▶ [Work item]
When you copy the data, keep every word exactly as it is and leave the pictures out.
[Raw data — start]
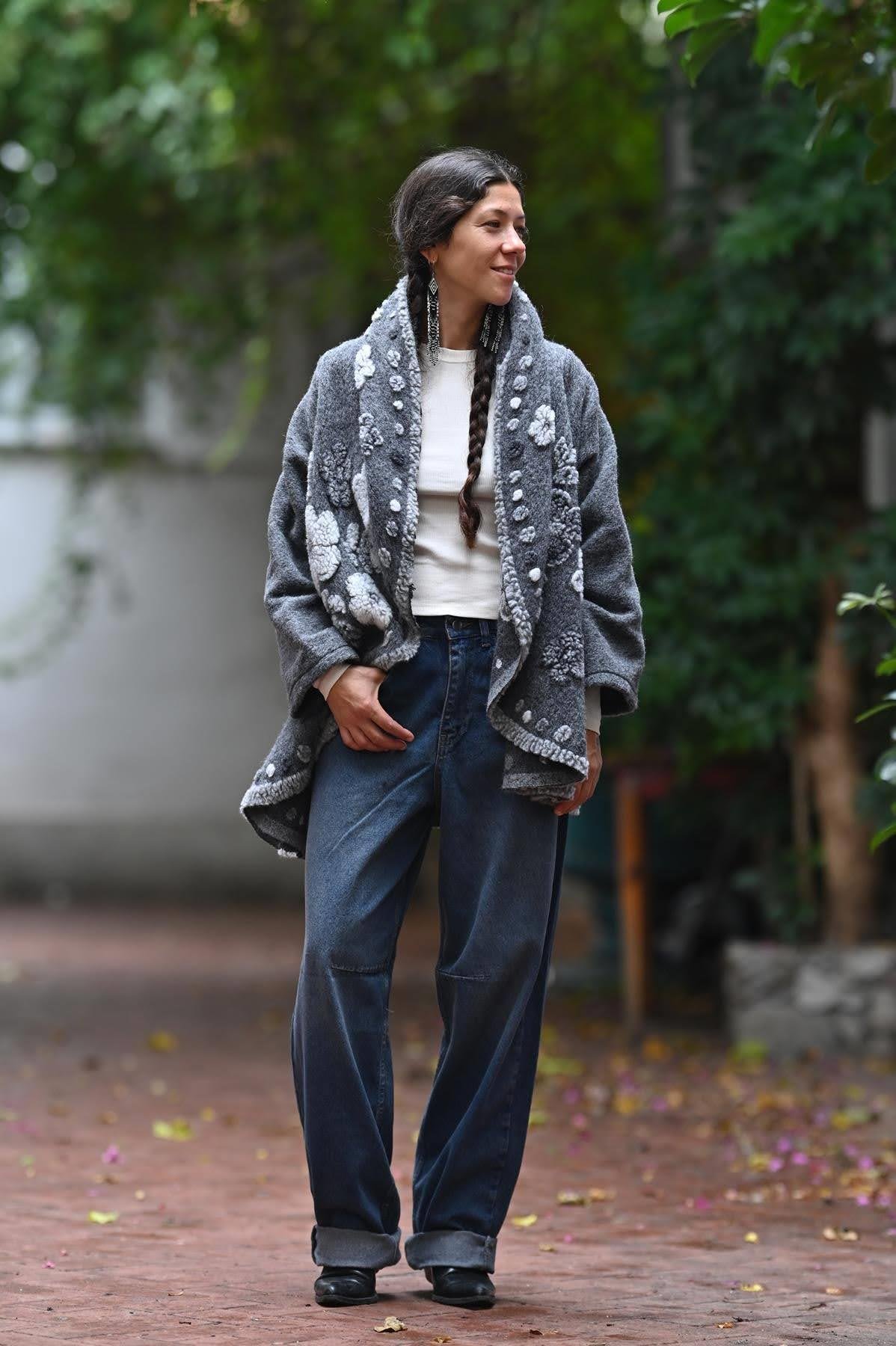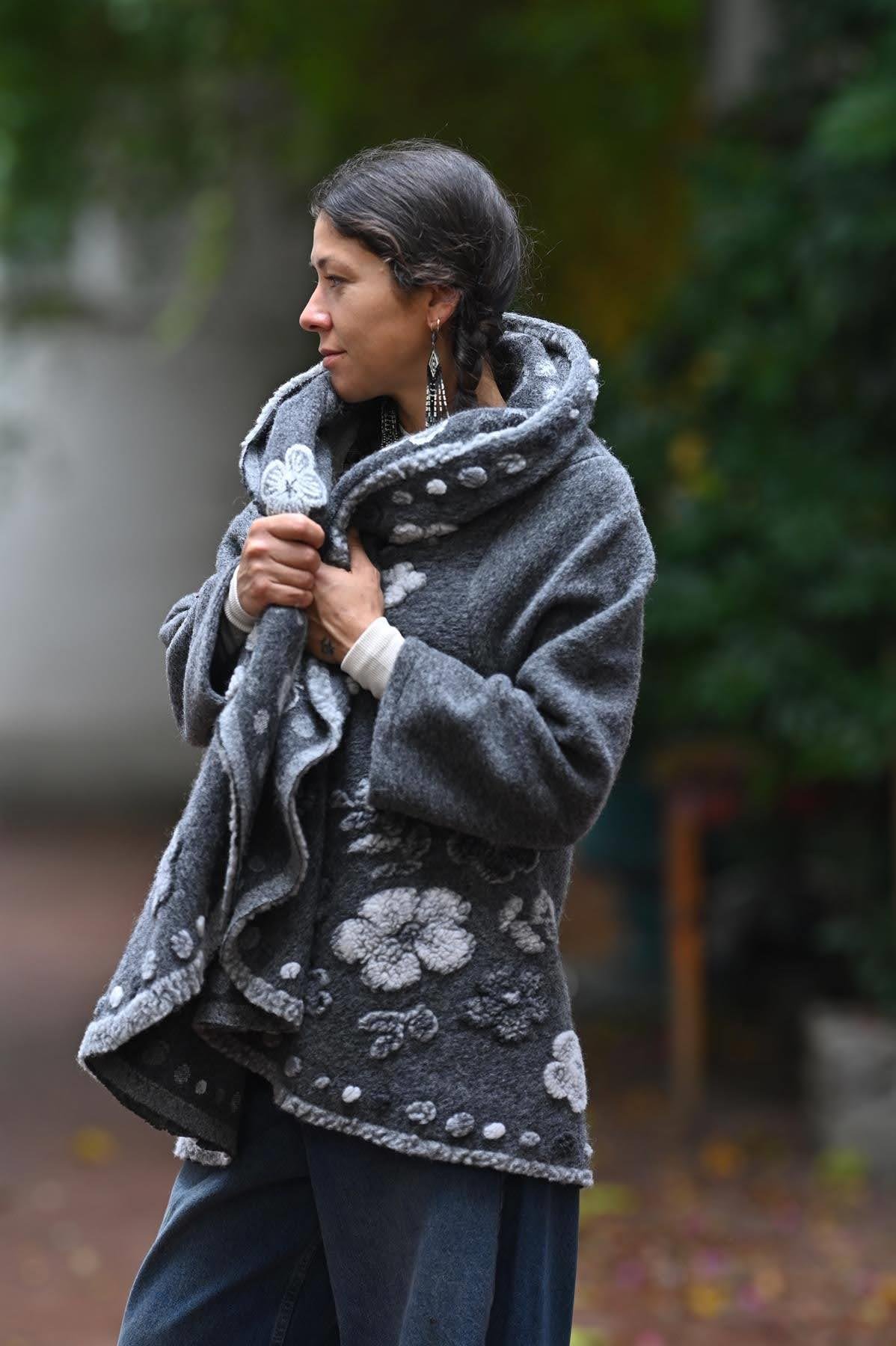 Gri Şal Yaka Çiçek Desenli Keçe Ceket
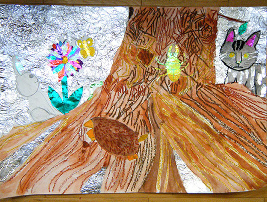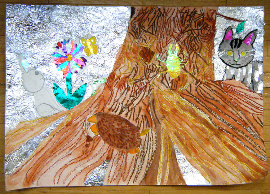 「キラキラの世界」 大きな木の根っこをクローズアップし描いていておもしろいね。キラキラホイルと合わせって、なんともいえない不思議な世界が広がります。
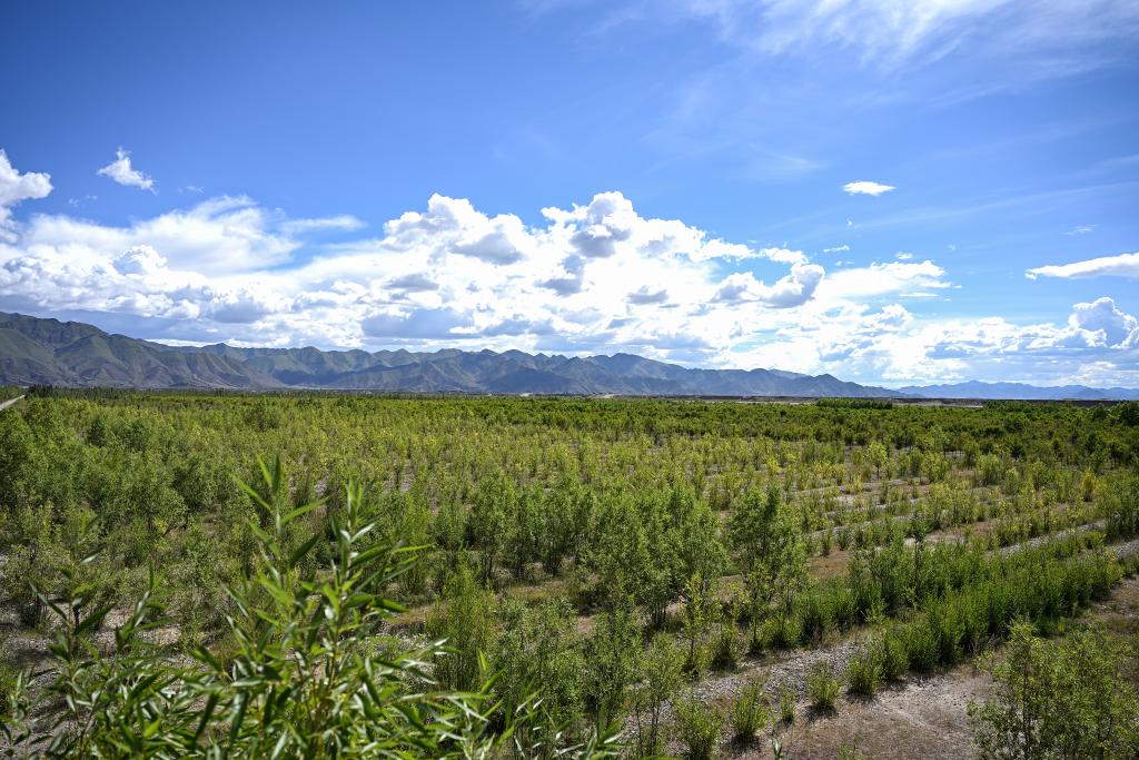 2024年9月1日,在雅江北岸南木林生態示范區,郁郁蔥蔥的林木和湛藍的天空相映成景。新華社記者孫瑞博 攝
[Raw data — finish]
▶ [Response area]
 Gri Şal Yaka Çiçek Desenli Keçe Ceket
 「キラキラの世界」 大きな木の根っこをクローズアップし描いていておもしろいね。キラキラホイルと合わせって、なんともいえない不思議な世界が広がります。
 2024年9月1日,在雅江北岸南木林生態示范區,郁郁蔥蔥的林木和湛藍的天空相映成景。新華社記者孫瑞博 攝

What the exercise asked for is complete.